Johnson Matthey and thyssenkrupp renew partnership for world class collaboration in ammonia production

After collaborating successfully for 20 years and working together to deliver 21 projects, Johnson Matthey (JM), a global leader in sustainable technologies, and thyssenkrupp, a technology provider for world-scale ammonia plants, have signed an agreement to renew their collaboration around ammonia process and catalyst supply.

The partnership was founded two decades ago and sees thyssenkrupp exclusively use JM’s world class catalysts for its uhde® ammonia process built in that period. Through constant innovation, thyssenkrupp is licensor of the largest ammonia plants in the world. The uhde® ammonia technology has ultra low energy consumption and enables the highest production in a single-train unit, thus minimizing investment costs, and is suitable for small to large scale capacity plants of up to 5,000 metric tons per day.  Thanks to this collaboration over the past two decades thyssenkrupp have built over 20 ammonia plants with a total capacity of 40,000 tonnes per day using JM catalysts, representing nearly 9% of global nitrogen fertilizer production, enough to feed 350 million people.

Dr.
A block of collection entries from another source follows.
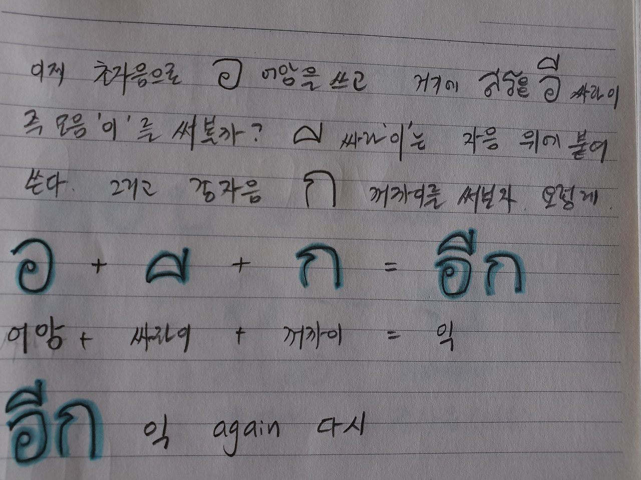 어앙 + 싸라 이 + 꺼까이 = 익 again 다시! 익 다시 쉽다. 이젠 요 정도는 예쁘게 쓸 수 있다. 다쉬! 할 때 익! 하면 되는 구나. 하하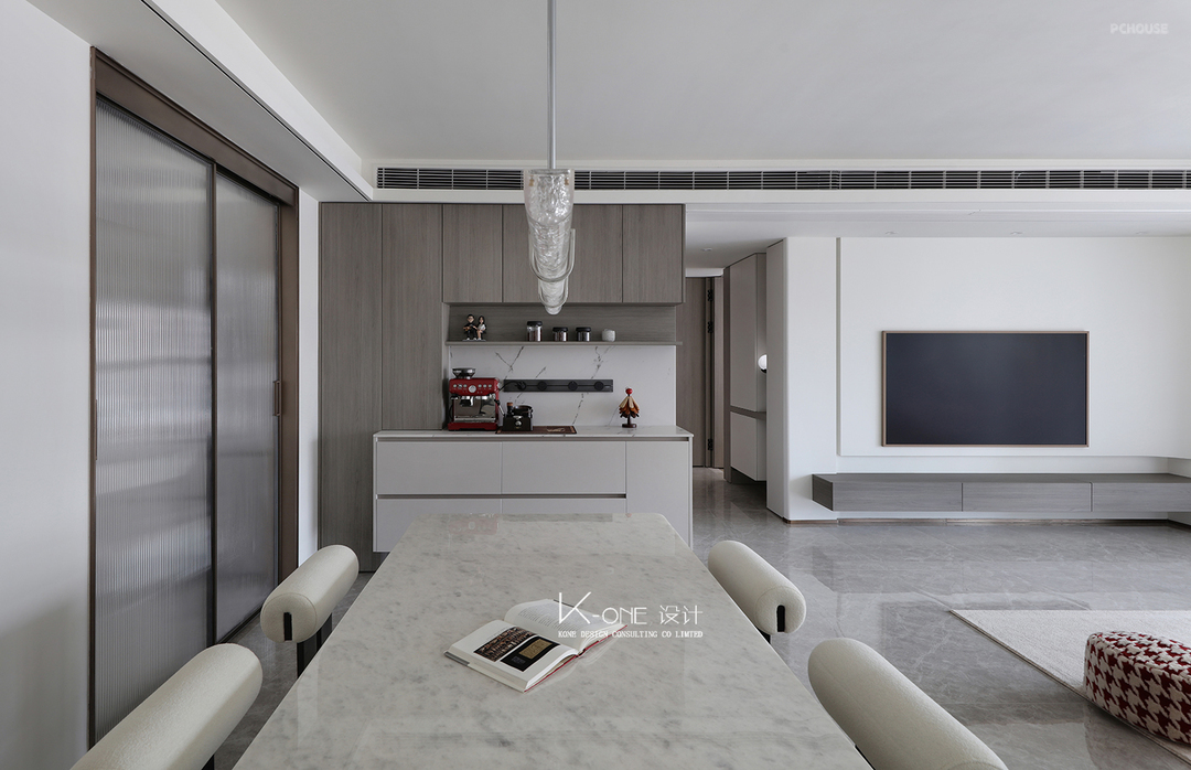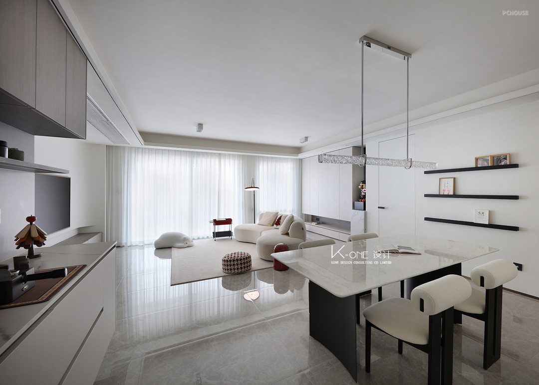 客厅与餐厅一体化空间,纯白的色调,像未染尘埃的云。一切是最初的样子,简到只剩呼吸与光的轮廓。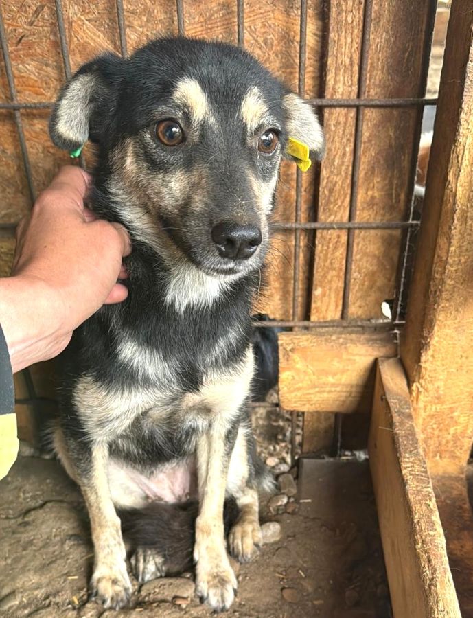 TASSIE ist weiterhin zurückhaltend, doch man merkt deutlich, dass sie beginnt aufzutauen. Inzwischen kommt sie von selbst aus ihrer Hütte und zeigt sich dabei freundlich und sanft. Sie hält zwar weiterhin noch etwas Abstand, aber so langsam überwiegt ihre Neugier und sie wird mutiger. Wir konnten sie sogar auf den Arm nehmen.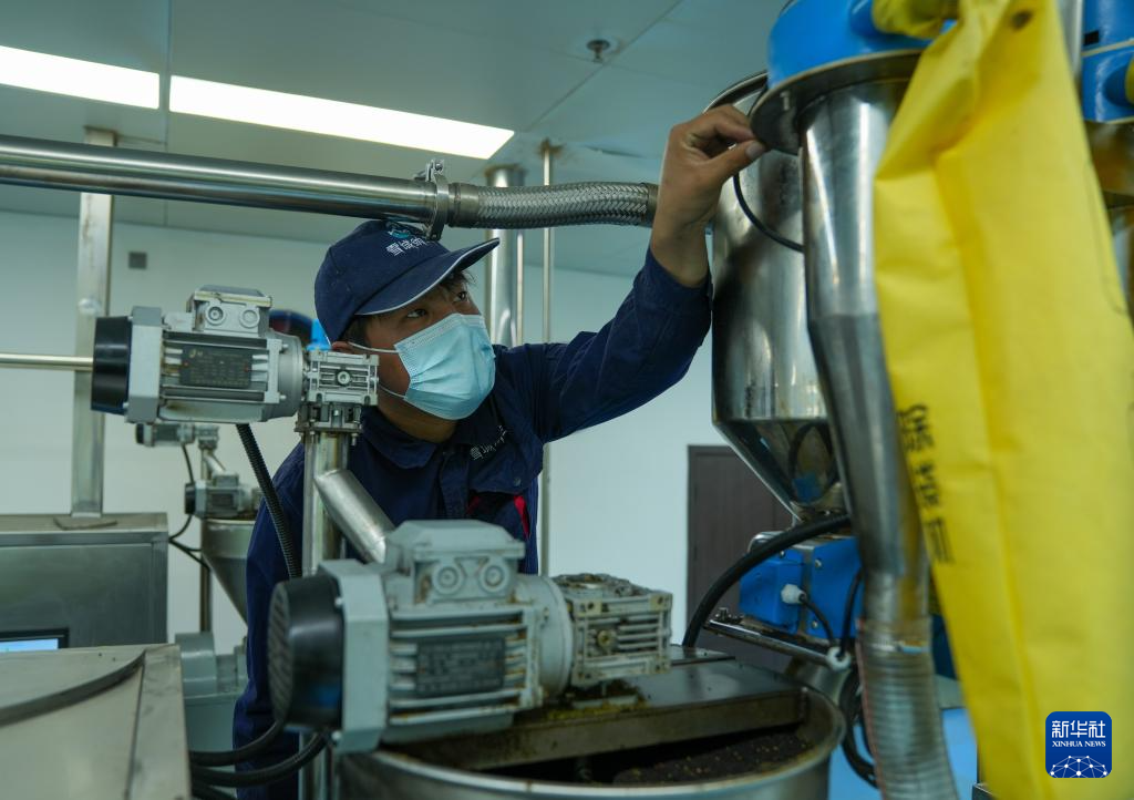 西藏山南市扎囊縣重點招商引資企業(yè)——西藏納蘭生態(tài)產(chǎn)業(yè)有限公司工作人員操作微波烘烤設(shè)備制作食用油(3月17日攝)。新華社記者 晉美多吉 攝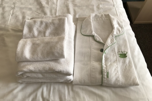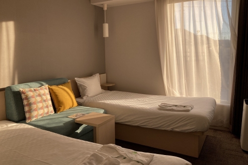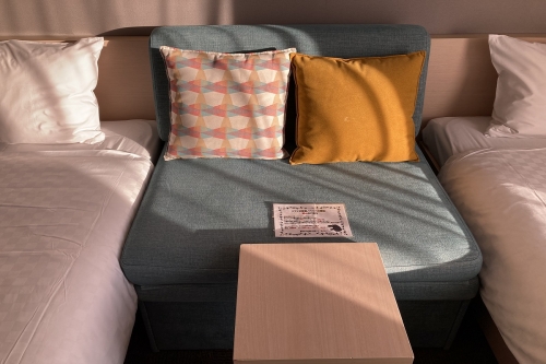 スタンダードツインの部屋は、ソファーとテーブルを挟んで2つのベットが並んでいます。定員3名となっており、3名で宿泊する際はこのソファを展開し、ベットとして利用します。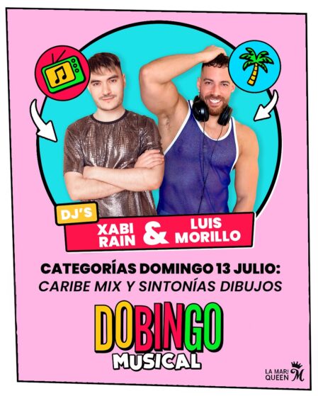 DESCRIPCIÓN Fecha2025-07-13HoraPinchando desde las 21:00 a 00:00.LugarMari Queen - Madrid (Dobingo tardeo)DirecciónCalle Barbieri 10, Madrid, Spain 28004 CARTEL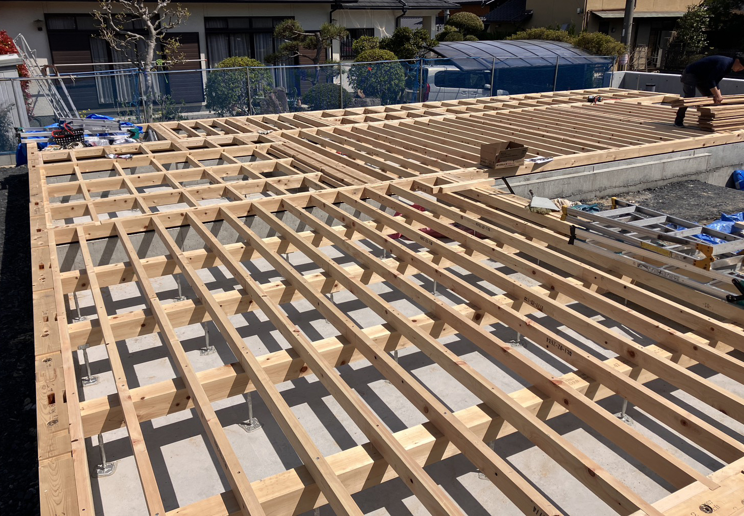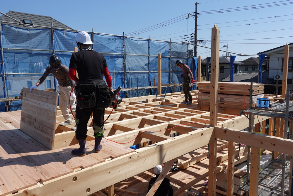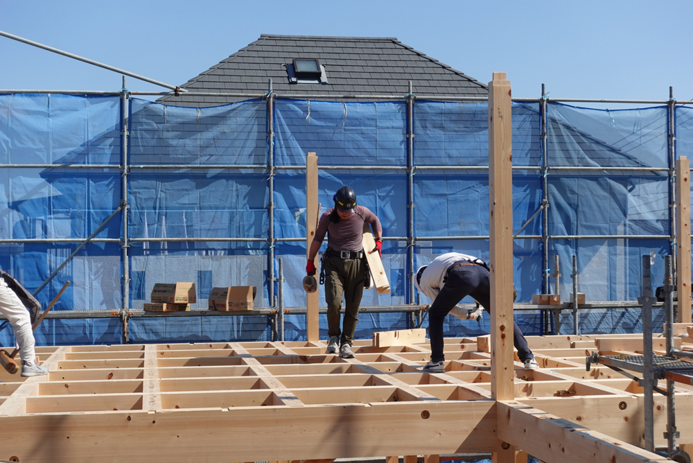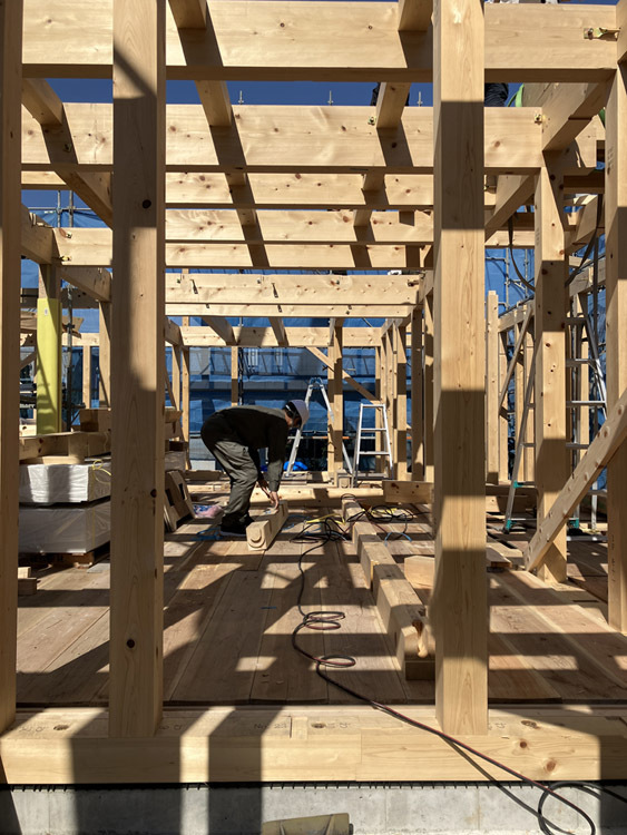 今回はその中で、1階土台敷きから柱、梁の組み立て、2階の床貼りまでの様子をレポートさせていただきます。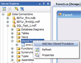 Среда Visual Studio 2008 предоставляет интерфейс для создания хранимых процедур в базе данных при наличии подключения к ней. Запустим Visual Studio (даже нет необходимости создавать какой-либо проект), перейдем на вкладку «Обозреватель баз данных» («Server Explorer»), раскрываем подключение к базе данных, затем на узле «Хранимые процедуры» («Stored Procedures») щелкаем правой кнопкой и выбираем пункт «Добавить новую хранимую процедуру» («New Stored Procedure») (рис. 72).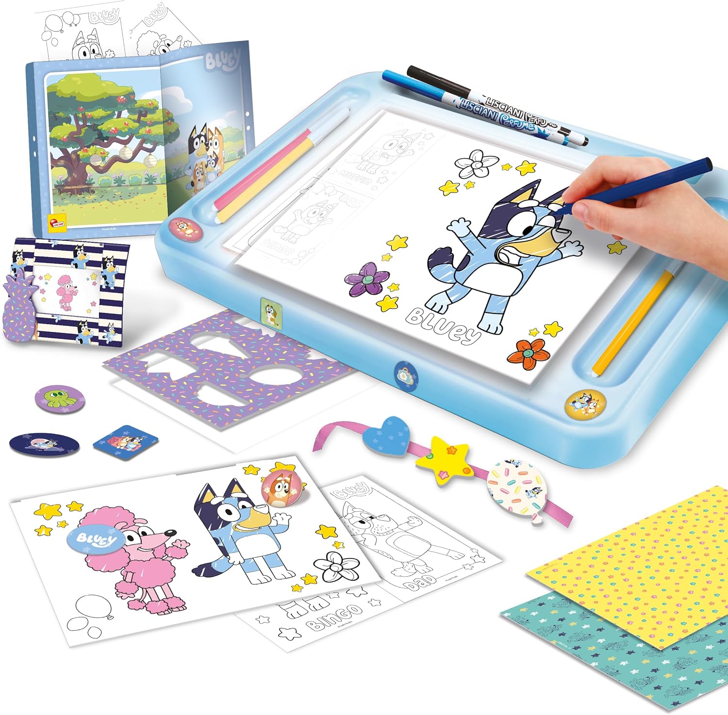 طاولة رسم مضيئة للأطفال من عمر 3 سنوات فأكثر، مستوحاة من شخصية بلووي المحبوبة. تساعد على تتبع الرسومات والتلوين بسهولة، وتضم أنشطة فنية متنوعة وأقلام تلوين معطرة لتنمية الإبداع والخيال والمهارات الحركية الدقيقة بطريقة ممتعة.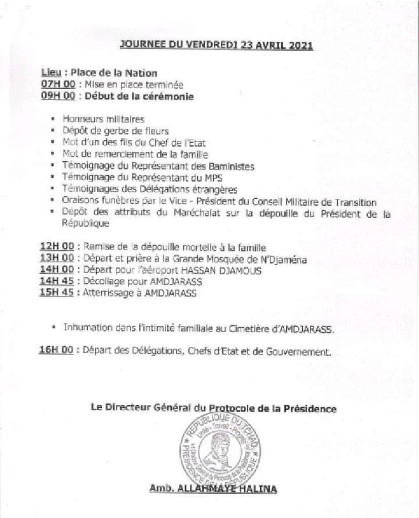 " /> Programme détaillé des obsèques du président Idriss Deby Publié le 20 Avr, 2021 À DÉCOUVRIR Coumba Gawlo appelle à un appui renforcé aux initiatives… 30 Juil, 2025 Partager ->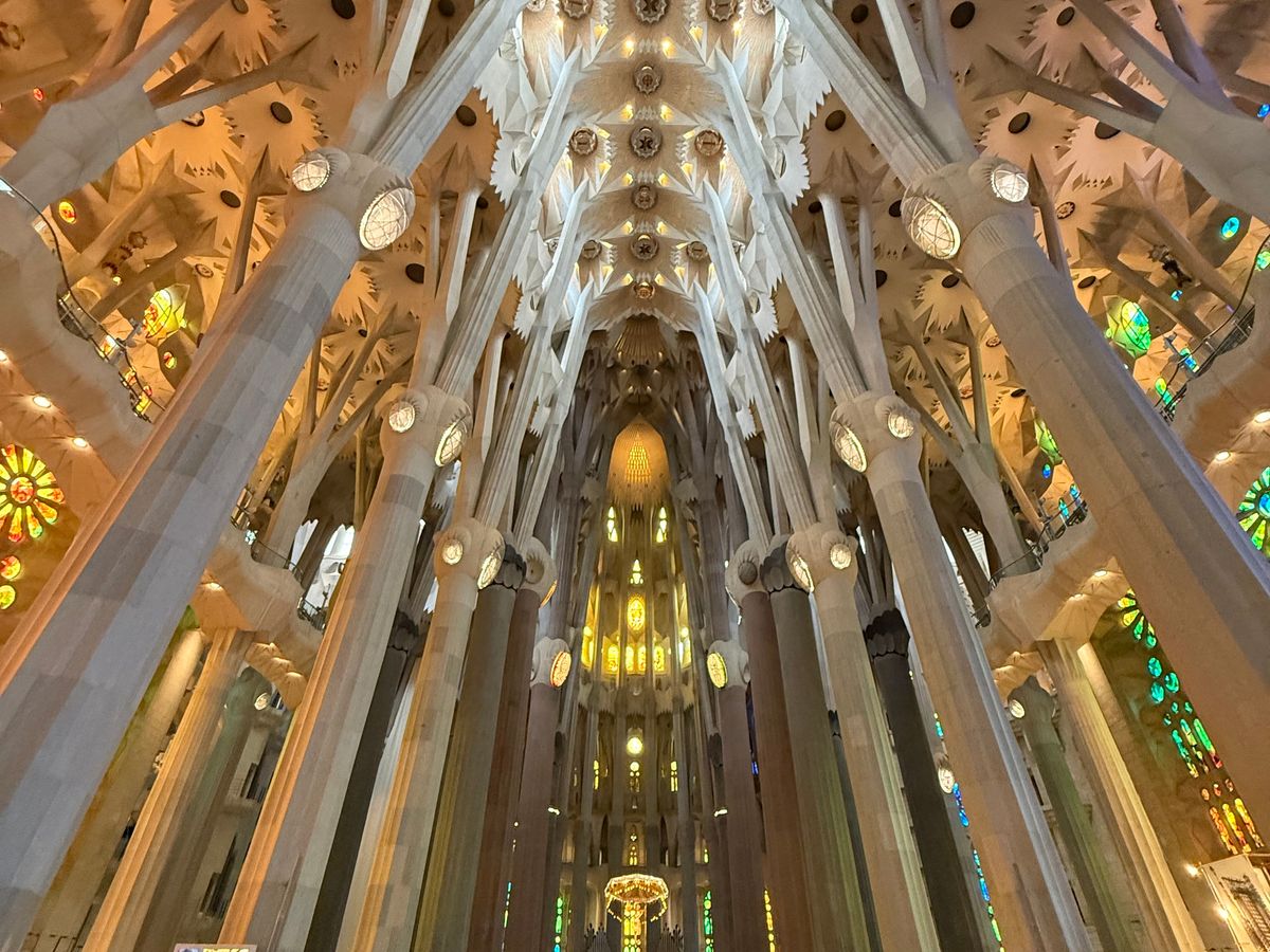 写真では何度も見ていたのに、実際は全くの別物。内部に入った瞬間、光の色に包まれる感覚が忘れられません。バルセロナに行くなら外せない場所だと実感しました。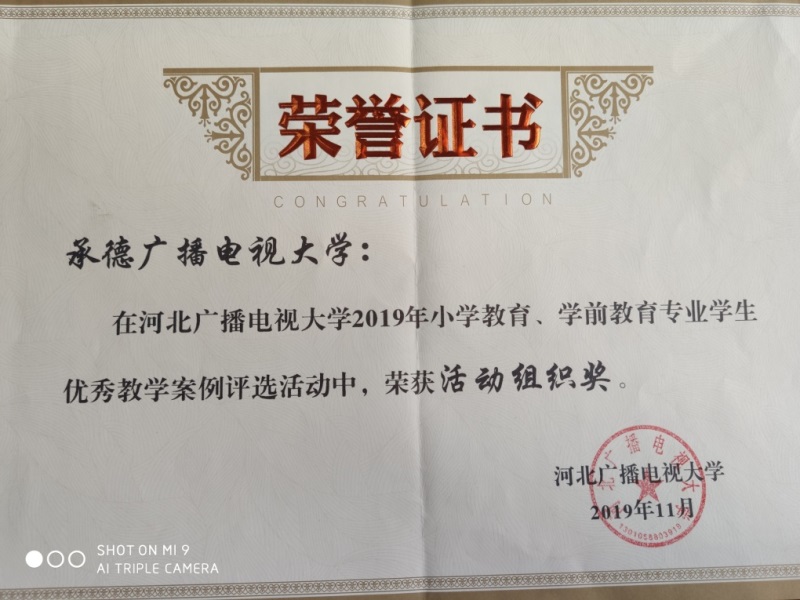 喜讯:我校荣获河北电大2019学前教育专业学生优秀教学案例评选活动“活动组织奖”

Sami Pelkonen, CEO of the Chemical and Process Technologies business unit at thyssenkrupp Industrial Solutions: “We are proud to continue our partnership with JM, which has seen so many successes such as the construction of the world’s largest ammonia plants employing the uhde® process, and several repeat orders from customers all around the world trusting in our technology, EPC competence and service capabilities.”

“We are extremely proud of our ongoing partnership and are thrilled with the opportunity to continue to apply our deep knowledge in catalysis, pushing the boundaries in energy efficiency and higher capacity,” said John Gordon, Managing Director, Johnson Matthey. “It has been fantastic to see our world-class catalysts deliver optimum reliability with the lowest operating expense for the thyssenkrupp uhde® ammonia process for five of the world’s largest scale ammonia plants.”